Studer Audio, now part of the Evertz brand, reflected a focus on integrating Studer’s technology portfolio into Evertz’s own live-production workflows. For instance, Studer Vista digital consoles and Infinity Core audio mixing and processing are now part of Evertz Software Defined Video Networking (SDVN) solutions and allow customers to access complete solutions for IP-based video and audio production. At IBC 2022, the company introduced the Vista 1 Carbon, a 22-fader, all-in-one compact console that is the latest addition to the well-established Studer Vista console range. Evertz also showed the new Studer Infinity-ST server core, which features a new CoreLink card audio interface providing both IP-based ST 2110-30 and Studer proprietary A-link native connectivity. Completing the Evertz Studer lineup was the Micro Series, a high-end digital audio-mixing system in a compact, cost-effective package comprising the core unit, a graphical user interface, and an optional fader control surface.
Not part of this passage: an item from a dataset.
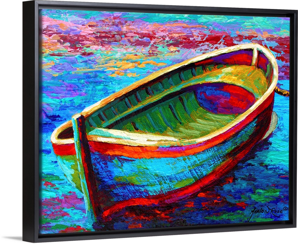 <p>Big canvas painting of a boat floating in water represented by a lot of different colors.</p>
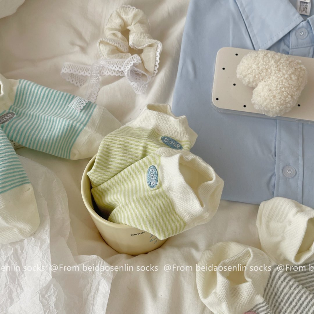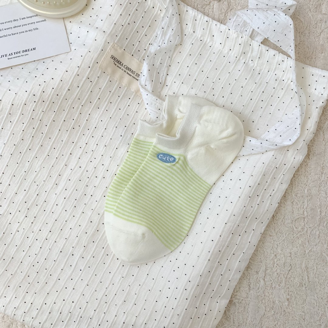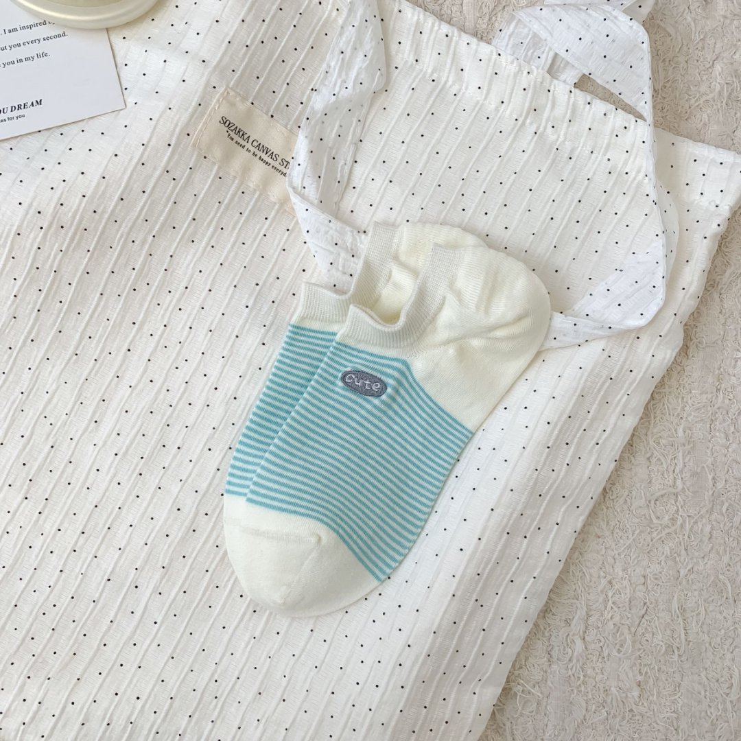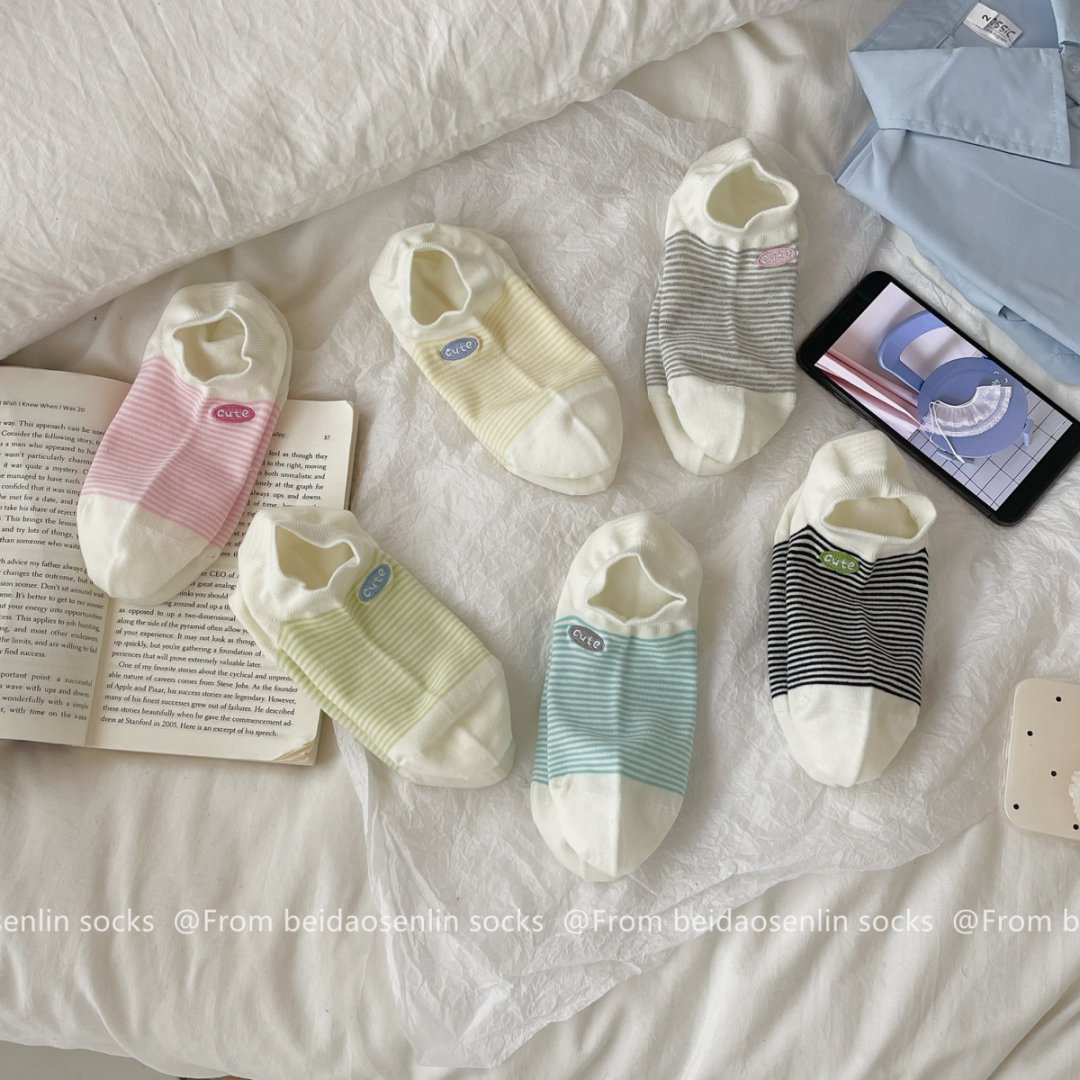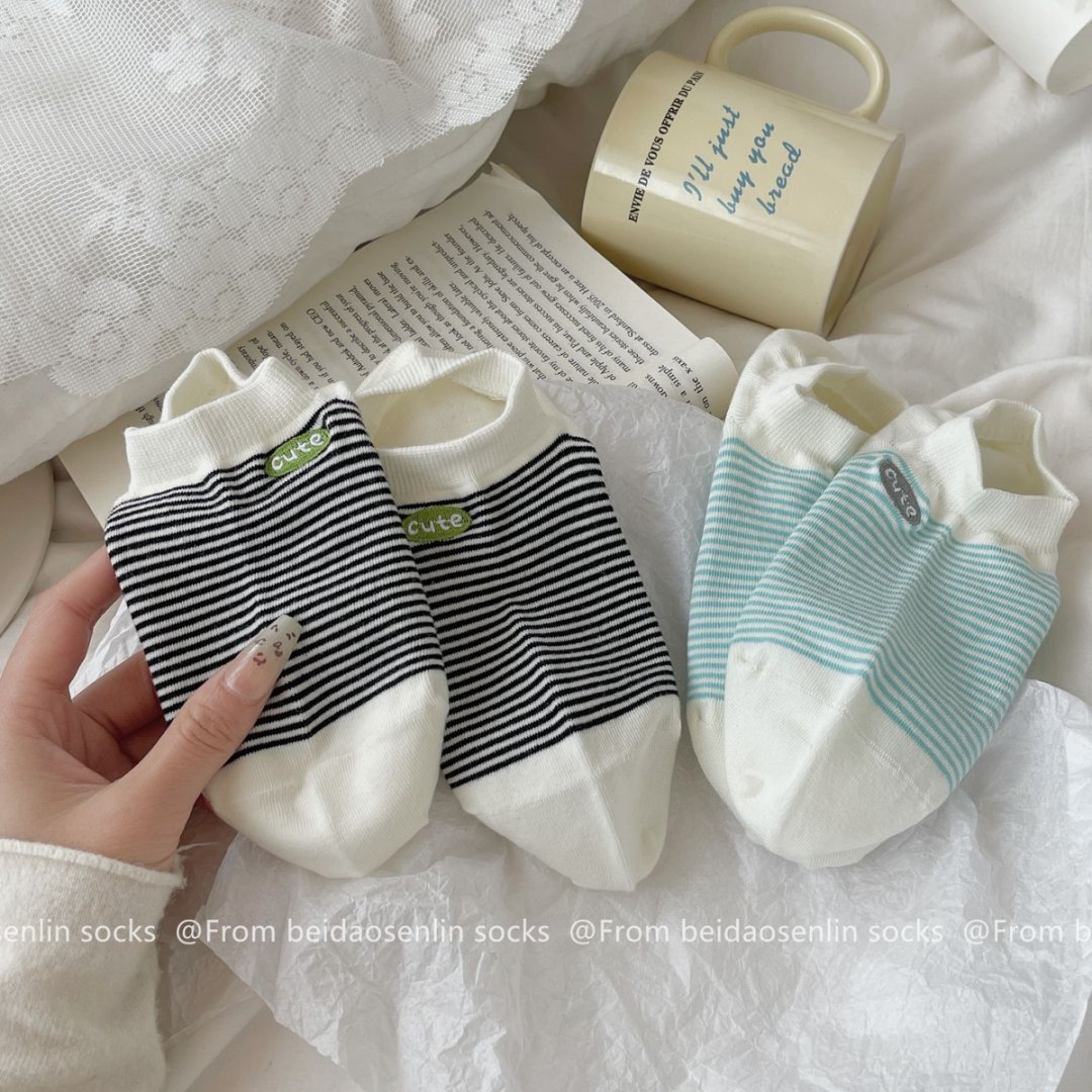 봄과 여름 새로운 한국 스타일 양말 여성면 다채로운 줄무늬 자수 Yuanbao 양말 부드럽고 편안한 보트 양말 Zhuji 양말

The Telos Alliance co-located with Grass Valley and AWS exhibits, where the Telos Infinity virtual intercom platform was demonstrated, respectively, on the Grass Valley Agile Media Processing Platform (AMPP) and on AWS. The Telos Alliance exhibit featured a team of audio and broadcast experts ready to collaborate with visitors on projects and concepts, as well as providing insights into how hardware, software, or a hybrid combination allows them to enhance capabilities or solve problems in their facilities. “As we continue to provide more solutions to the industry,” said Marty Sacks, EVP, sales, marketing and strategy, Telos Alliance, “IBC 2022 is the perfect event at which to showcase our continued work across a wide range of file-based and real-time media workflows, including virtualization to empower our customers to broadcast without limits.”